__TASK REQUIREMENTS__:
What you return must be an exact copy of the lines in the listing below between the line holding "Questa Cmap, creata" and the line holding "Portable 49-Key Kids", inclusive, and nothing more.

__SUPPLIED MATERIAL__:
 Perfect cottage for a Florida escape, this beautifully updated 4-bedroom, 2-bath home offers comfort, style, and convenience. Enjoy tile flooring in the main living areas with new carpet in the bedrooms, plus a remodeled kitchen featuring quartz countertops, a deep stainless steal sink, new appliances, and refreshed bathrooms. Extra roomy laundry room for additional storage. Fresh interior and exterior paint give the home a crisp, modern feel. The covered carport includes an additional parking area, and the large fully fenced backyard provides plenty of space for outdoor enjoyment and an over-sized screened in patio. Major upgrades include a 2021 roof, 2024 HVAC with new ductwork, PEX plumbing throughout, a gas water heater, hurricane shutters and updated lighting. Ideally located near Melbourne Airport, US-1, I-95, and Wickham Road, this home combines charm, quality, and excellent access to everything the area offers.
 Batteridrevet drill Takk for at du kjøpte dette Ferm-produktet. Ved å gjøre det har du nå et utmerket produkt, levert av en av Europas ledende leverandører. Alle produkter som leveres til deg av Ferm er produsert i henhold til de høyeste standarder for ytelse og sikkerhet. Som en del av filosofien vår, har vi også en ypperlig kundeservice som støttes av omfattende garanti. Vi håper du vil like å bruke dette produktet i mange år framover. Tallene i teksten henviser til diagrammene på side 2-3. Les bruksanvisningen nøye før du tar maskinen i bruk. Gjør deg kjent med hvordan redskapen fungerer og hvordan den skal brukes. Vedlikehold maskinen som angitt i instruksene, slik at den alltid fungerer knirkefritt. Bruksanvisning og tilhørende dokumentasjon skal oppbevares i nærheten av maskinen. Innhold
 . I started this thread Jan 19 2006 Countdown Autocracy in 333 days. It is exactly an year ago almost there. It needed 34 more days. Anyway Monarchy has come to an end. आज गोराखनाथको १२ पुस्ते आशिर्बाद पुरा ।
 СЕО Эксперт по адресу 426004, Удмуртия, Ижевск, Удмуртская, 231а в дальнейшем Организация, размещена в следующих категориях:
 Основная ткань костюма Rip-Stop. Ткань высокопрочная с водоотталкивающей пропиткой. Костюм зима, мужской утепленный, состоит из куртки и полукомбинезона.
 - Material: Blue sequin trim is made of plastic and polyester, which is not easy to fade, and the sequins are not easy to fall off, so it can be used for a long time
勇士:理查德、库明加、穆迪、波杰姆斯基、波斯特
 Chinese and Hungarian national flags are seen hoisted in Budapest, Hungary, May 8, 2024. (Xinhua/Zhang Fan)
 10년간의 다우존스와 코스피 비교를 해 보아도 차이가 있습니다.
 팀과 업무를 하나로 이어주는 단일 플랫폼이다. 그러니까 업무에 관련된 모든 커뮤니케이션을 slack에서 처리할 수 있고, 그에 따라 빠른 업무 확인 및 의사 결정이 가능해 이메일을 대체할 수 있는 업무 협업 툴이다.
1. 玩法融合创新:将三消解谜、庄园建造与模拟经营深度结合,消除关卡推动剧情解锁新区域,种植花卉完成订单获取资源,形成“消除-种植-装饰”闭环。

* * *

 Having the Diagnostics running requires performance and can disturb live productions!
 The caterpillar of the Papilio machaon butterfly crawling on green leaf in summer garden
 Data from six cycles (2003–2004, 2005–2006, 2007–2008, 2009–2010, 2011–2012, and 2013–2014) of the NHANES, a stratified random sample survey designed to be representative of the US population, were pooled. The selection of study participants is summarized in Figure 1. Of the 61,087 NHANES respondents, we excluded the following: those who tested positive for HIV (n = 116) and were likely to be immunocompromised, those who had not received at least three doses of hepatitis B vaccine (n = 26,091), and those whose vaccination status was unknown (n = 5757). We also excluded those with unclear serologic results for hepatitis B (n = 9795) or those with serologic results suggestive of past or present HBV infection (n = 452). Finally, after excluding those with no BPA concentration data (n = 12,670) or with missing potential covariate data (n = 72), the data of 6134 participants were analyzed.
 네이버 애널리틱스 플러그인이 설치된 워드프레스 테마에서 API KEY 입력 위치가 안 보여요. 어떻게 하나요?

...

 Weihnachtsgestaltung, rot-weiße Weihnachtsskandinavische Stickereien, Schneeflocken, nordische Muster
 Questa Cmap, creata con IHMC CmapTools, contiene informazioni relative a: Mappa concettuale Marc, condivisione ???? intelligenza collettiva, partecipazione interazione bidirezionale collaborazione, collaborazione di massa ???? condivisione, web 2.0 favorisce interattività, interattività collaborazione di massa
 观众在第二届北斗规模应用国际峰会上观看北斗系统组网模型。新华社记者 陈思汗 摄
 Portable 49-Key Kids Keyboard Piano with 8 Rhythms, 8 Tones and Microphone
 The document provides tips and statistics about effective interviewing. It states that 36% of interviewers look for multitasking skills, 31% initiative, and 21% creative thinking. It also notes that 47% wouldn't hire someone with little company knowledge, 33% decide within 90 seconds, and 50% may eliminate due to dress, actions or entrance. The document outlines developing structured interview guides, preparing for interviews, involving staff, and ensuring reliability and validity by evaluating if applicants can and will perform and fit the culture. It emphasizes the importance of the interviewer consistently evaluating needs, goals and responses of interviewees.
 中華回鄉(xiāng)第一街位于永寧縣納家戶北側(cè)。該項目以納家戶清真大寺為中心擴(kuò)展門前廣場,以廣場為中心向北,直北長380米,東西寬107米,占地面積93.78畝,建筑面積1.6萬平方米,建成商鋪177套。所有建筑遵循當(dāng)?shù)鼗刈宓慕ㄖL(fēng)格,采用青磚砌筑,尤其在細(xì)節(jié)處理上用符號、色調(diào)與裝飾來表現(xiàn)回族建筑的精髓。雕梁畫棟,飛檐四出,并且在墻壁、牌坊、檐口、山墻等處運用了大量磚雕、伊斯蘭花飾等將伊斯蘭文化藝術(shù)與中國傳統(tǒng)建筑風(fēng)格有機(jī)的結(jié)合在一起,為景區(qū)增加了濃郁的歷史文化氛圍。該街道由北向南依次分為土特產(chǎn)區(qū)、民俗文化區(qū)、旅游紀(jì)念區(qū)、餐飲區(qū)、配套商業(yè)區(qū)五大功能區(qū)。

__RESPONSE TO THIS EXERCISE__:
 Questa Cmap, creata con IHMC CmapTools, contiene informazioni relative a: Mappa concettuale Marc, condivisione ???? intelligenza collettiva, partecipazione interazione bidirezionale collaborazione, collaborazione di massa ???? condivisione, web 2.0 favorisce interattività, interattività collaborazione di massa
 观众在第二届北斗规模应用国际峰会上观看北斗系统组网模型。新华社记者 陈思汗 摄
 Portable 49-Key Kids Keyboard Piano with 8 Rhythms, 8 Tones and Microphone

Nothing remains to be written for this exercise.